To directly address scalability concerns, we conducted additional experiments on ogbn-products [3], one of the largest OGB datasets (>2 million nodes, >60 million edges). We evaluated the retaining information task using GCN with a varying number of layers:

Num LayersMPCAccuracy
23.60.44
44.70.26
65.20.10
85.30.10

Key observations:

  • MPC trends match trends in empirical performance.
  • GCN training required >15 hours on A100 GPUs while MPC simulation required <10 minutes on consumer CPU (using approach in App. D.5).

This demonstrates that MPC maintains both its predictive power and computational advantages for this large-scale dataset. We have included this additional experiment in Sec. 5 and thank the reviewer for this suggestion, which has strengthened our manuscript.

Question 1: Missing features

While our current work specifically focuses on isolating message-passing complexity from other sources, the probabilistic foundation of MPC offers potential for extension to additional complexity sources like missing features.

We can extend MPC by modifying the initial step in Def. 4.3 to model feature availability: lossyWLv0=LvXv\text{lossyWL}_v^0 = L_v \cdot X_v where LvBernoulli(pv)L_v \sim \text{Bernoulli}(p_v) represents the probability of feature availability.

For a first empirical demonstration, we conduct our information propagation experiment (D=5, GCN) with varying levels of missing node feature probabilities:

Missing Feature ProbabilityMPCAccuracy
0.04.90.69
0.25.10.47
0.45.40.14
0.65.80.11

The results show that the adapted MPC accurately captures the increasing difficulty with feature loss in this initial experiment.

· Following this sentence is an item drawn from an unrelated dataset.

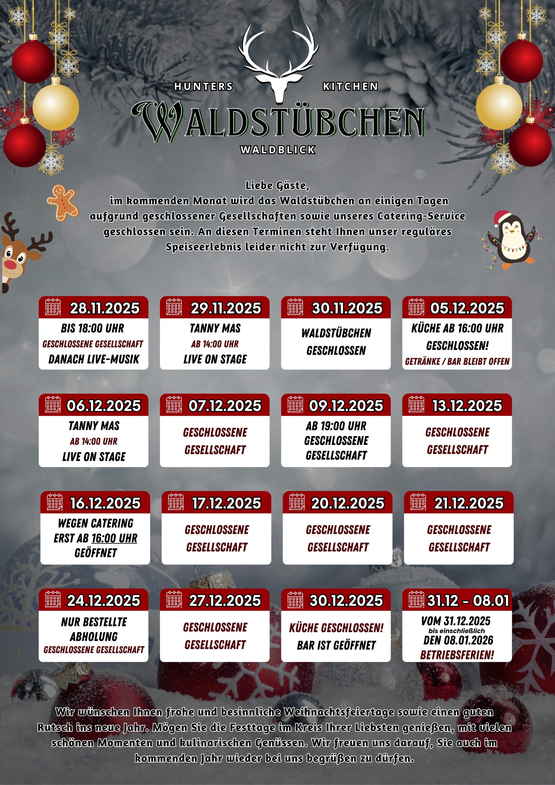 Bitte beachten: an einzelnen Tagen, wenn der Cateringservice genutzt wird, kann es dazu kommen, dass das Waldstübchen kurzfristig geschlossen hat.

More broadly, this demonstrates the potential of our probabilistic formulation to extend to other complexity sources beyond message passing — something existing expressivity measures based on logic or WL tests cannot seamlessly accommodate. We have added a discussion of this extension to the future work section of our manuscript.

Question 2: Temporal Graphs

While our current work focuses on static graphs, MPC can be naturally extended to temporal graphs: MPC becomes time-dependent, i.e., MPCt(fv,G)\text{MPC}_t(f_v, G), by performing our probabilistic WL test (lossyWL) on snapshot graphs GtG^t as defined in [2].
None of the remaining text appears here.